While no increasing or decreasing trends have been observed for recruitment for Antarctic toothfish in the Ross Sea region, changes in the level of mean recruitment may be expected to occur in the future due to climate-induced shifts in oceanographic conditions or ecosystem regime shifts. The proposed framework incorporates stochastic recruitment scenarios to test policy resilience against gradual and abrupt population dynamics shifts, aligning with CCAMLR's precautionary ecosystem-based management framework. 

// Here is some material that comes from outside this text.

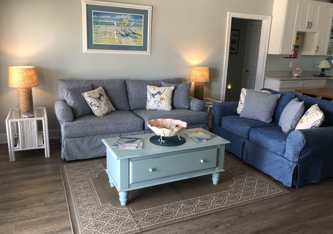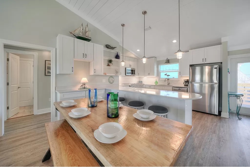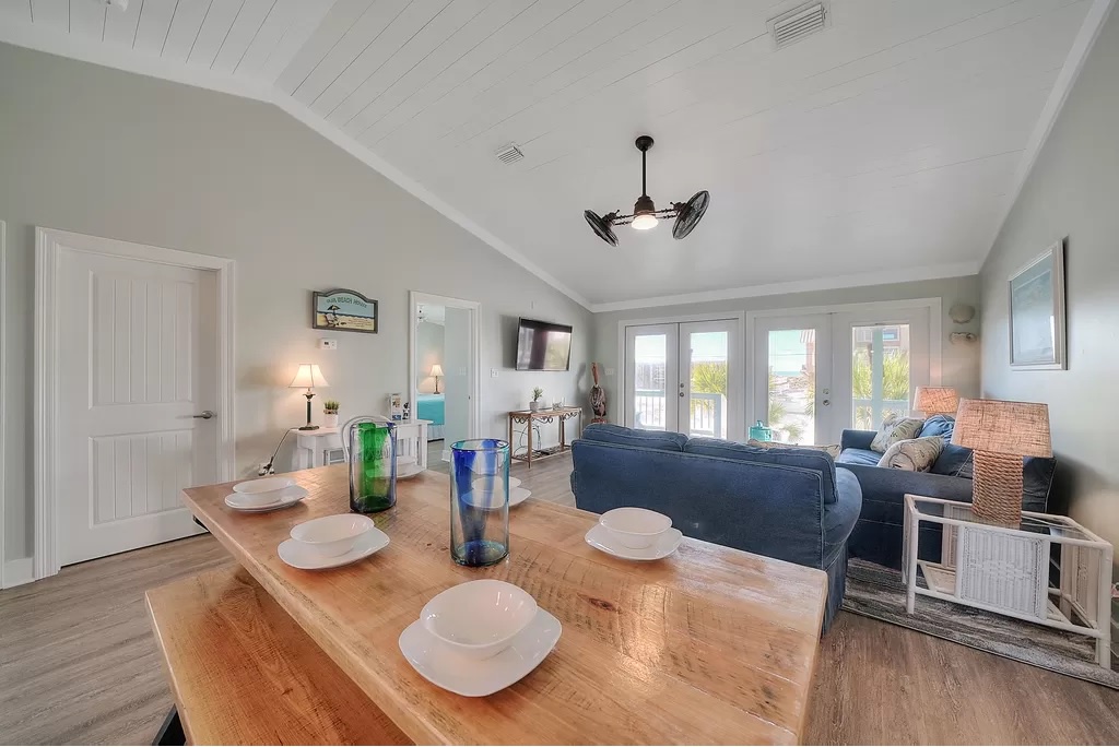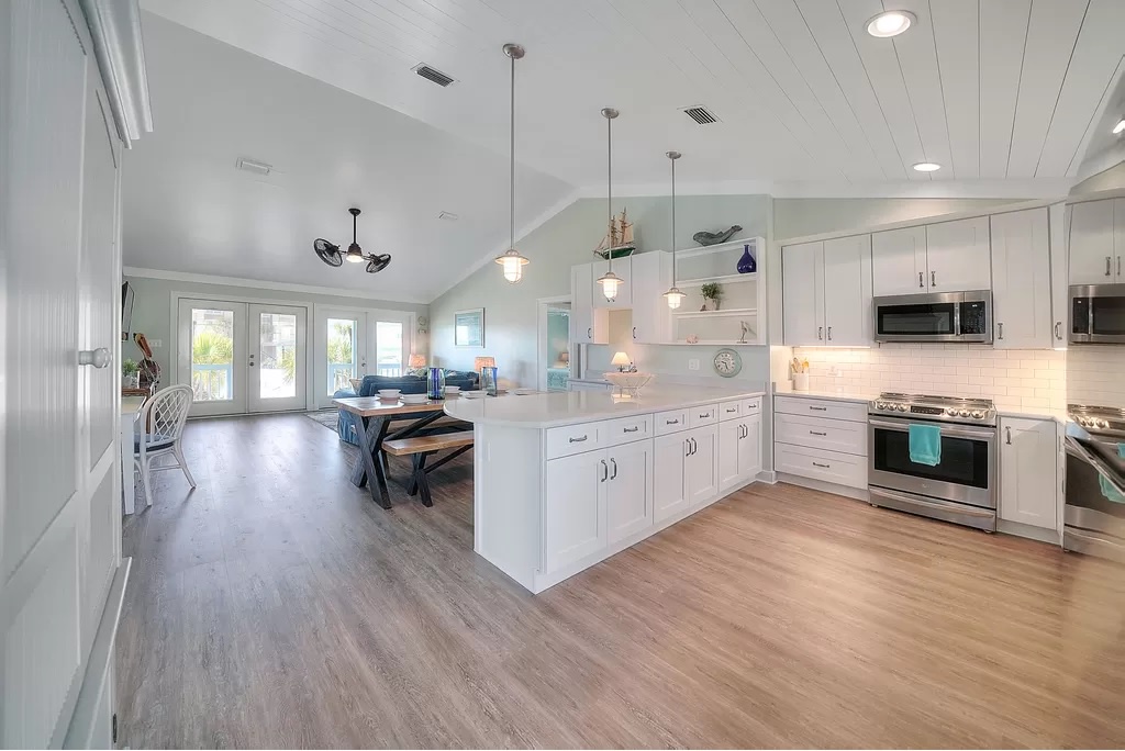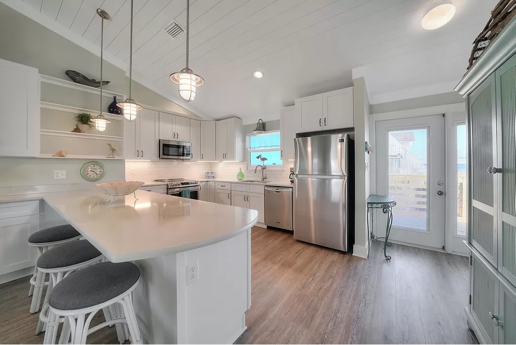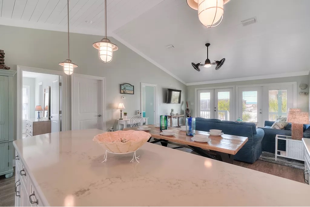 Buckeye is a cheerful, family-friendly beach retreat perfectly positioned directly across from the Gulf of Mexico. From the moment you step through the French doors, you’ll feel instantly relaxed by the bright coastal décor, open-concept living space, and sweeping water views. With brand-new flooring throughout and no carpet anywhere, the home feels fresh, clean, and thoughtfully updated. The spacious great room features a 55” TV visible from every angle, making it the perfect gathering spot after a day on the beach.

This approach optimises scientific resource allocation by prioritising evaluation of the most influential uncertainties first, providing a practical framework for evaluating alternative harvest control rules while supporting progressive refinement through subsequent research phases.

We recommend:

  1. Prioritised parameter evaluation: Focus first on parameters with the greatest influence on assessment outcomes and management advice, particularly natural mortality, recruitment dynamics, and tag-related parameters.
  2. Comprehensive uncertainty characterisation: Define the plausible ranges and distributions for those parameters, and observations from the fishery or other stocks for parameters where currently available analyses do not inform uncertainty ranges.
  3. Stochastic recruitment scenarios: Develop scenarios that test management strategy robustness against potential changes in recruitment patterns due to climate or ecosystem shifts, including changes in the level of mean recruitment.
  4. Where uncertainty ranges for parameters cannot be determined, evaluate monitoring approaches to instigate breakout or stopping rules if changes in these parameters are detected.
  5. Adaptive approach: Implement the MSE in phases, allowing for refinement and additional parameter exploration as new data and research results become available.